Kilian menarik nafas dalam-dalam dan kemudian mendesah pelan. Sejenak dia menimbang. Dia telah melanggar aturan karena bepergian dengan menggunakan transportasi umum. Dan saat itu dia sudah berada di stasiun MARTA Art Center. Akankah Insiders menemukan jejaknya? Mungkin saja. Tapi, meskipun mereka menemukannya, mereka tidak akan mudah meringkusnya.
Kilian kembali melangkah, mengikuti kerumunan orang menaiki eskalator yang sempit dan bergerak lambat. Matanya tetap awas. Tak ada wajah-wajah yang mencurigakan di sekitarnya. Termasuk mereka yang menaiki tangga di sebelahnya. Tapi Insiders bisa saja ada di antara keramaian manusia. Dia harus berhati-hati. Mereka bisa menemukannya dari aroma tubuhnya. Penciuman mereka tajam. Mereka juga cepat. Dan kuat. Semua kelebihan itu mereka miliki. Dan sayangnya― dia tidak.
Eskalator akhirnya berhasil membawa Kilian dan para penumpang lainnya ke dunia di atas tanah, dan suasana ceria natal di alun-alun menyambut. Sebuah pohon natal besar berdiri di tengah stasiun, tak jauh dari eskalator. Mistletoe tergantung di pintu masuk dan lampu-lampu natal menghiasi jendela kaca. Di luar tak kalah meriah. Pohon-pohon juga tampak indah oleh lampu-lampu LED yang melingkar.
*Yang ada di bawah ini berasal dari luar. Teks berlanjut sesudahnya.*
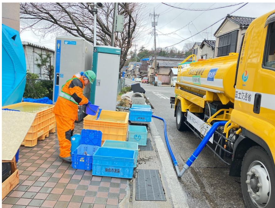
輪島市にて給水支援【応急対策班】

本日（3月1日）の現地のTEC-FORCE（緊急災害対策派遣隊）の主な活動は以下のとおりです。

Kilian kembali mendesah. Perasaan miris menghampirinya. Setiap menjelang natal dia merasa bahagia, tapi juga sedih. Bahagia karena natal adalah suasana yang spesial―sebuah tradisi di mana orang-orang berkumpul bersama keluarga mereka. Tapi karena makna itu, dia merasa sedih. Dia tidak seperti mereka yang bisa merayakan Natal bersama keluarganya. Karena dia tidak memiliki keluarga. Dan setiap natal tiba, dia hanya menemukan dirinya tenggelam dalam kenangan masa lalu dan ketika dia tersadar, kesedihan mulai merongrong sanubarinya. Dia jadi mengasihani dirinya sendiri.
Berusaha melupakan kesedihannya, Kilian melangkah menuju pintu keluar. Tak jauh dari pintu keluar matanya menangkap sosok seorang gadis. Laura Mail. Gadis itu mengumbar senyum saat mata mereka bertemu. Jantung Kilian berdesir halus. Malam itu Laura mengenakan gaun berwarna hitam dari bahan fillet berlapis lace dengan bentuk turtle neck. Dan sebuah kalung berliontin berlian menghiasi lehernya yang jenjang. Dia terlihat sangat cantik.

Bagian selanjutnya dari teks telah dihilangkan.